Krónan operates composting machines and produces and sells compost made from organic waste generated in its operations. However, it cannot be confirmed that this activity meets the criteria for being environmentally sustainable.
ELKO sales of electric scooters, where the driving force comes from a combination of a zero-emission engine and users' physical movement. Festi considers that the operations meet the criteria for being environmentally sustainable.
It was not possible to meet the requirements of the regulation in the category of freight transport services by road, even though the Company operates zero-emission cars.

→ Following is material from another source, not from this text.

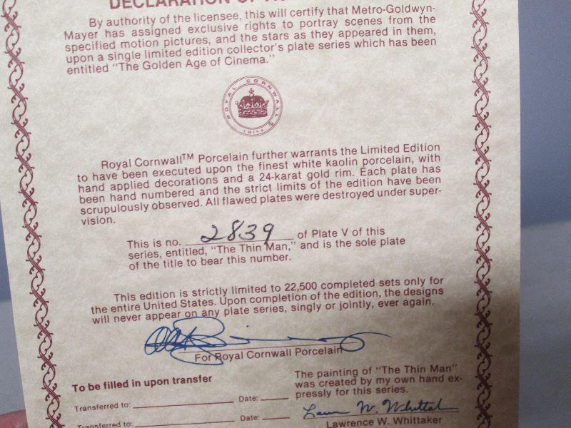 The Thin Man Collector Plate Numbered The Golden Age Of Cinema MGM

The requirements of the regulation regarding tires are such that it is very difficult to meet the safety requirements in Icelandic conditions.

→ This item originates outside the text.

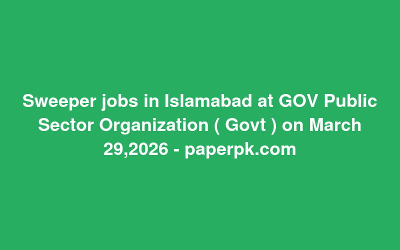 Check out this new career opening for Sweeper jobs in Islamabad at GOV Public Sector Organization ( Govt ) on March 29,2026 - paperpk.com in Pakistan. Review full details and apply.

The construction and operation of charging stations for electric vehicles by N1, which operates both home charging stations and fast-charging stations across the country, is considered by Festi to meet the criteria for being environmentally sustainable.
As a class A energy efficiency certificate is required according to EU directive 2010/31 to determine a significant contribution for the categories: construction of new buildings, renovation of existing buildings, and acquisition and ownership of buildings, it was not possible to go further with those elements. This is due to the fact that Iceland has a total exemption from the implementation of the directive and it has not been implemented into Icelandic law. As a result, no energy efficiency certificates are issued for buildings in Iceland, making it impossible to determine primary energy needs based on the directive. Since requirements related to energy efficiency are the only requirements set forth for the environmental sustainability of these categories, it is impossible for Icelandic companies to demonstrate environmentally sustainable activities in these categories.

LED bulbs in Krónan, ELKO and N1 stores are classified as installation and replacement of energy-efficient light sources.
7.4. Installation, Maintenance, and Repair of Charging Stations for Electric Vehicles in Buildings (ans parking spaces attached to buildings)
Festi and its subsidiaries manage the installation and operation of charging stations for their own electric vehicles. Festi considers this activity to meet the criteria for being environmentally sustainable.
Similar to the categories of 7.1 and 7.2, the requirement for energy efficiency certificates in class A, according to EU Directive 2010/31, is necessary to determine substantial contribution. Therefore, it was not possible to demonstrate environmentally sustainable activities in this category.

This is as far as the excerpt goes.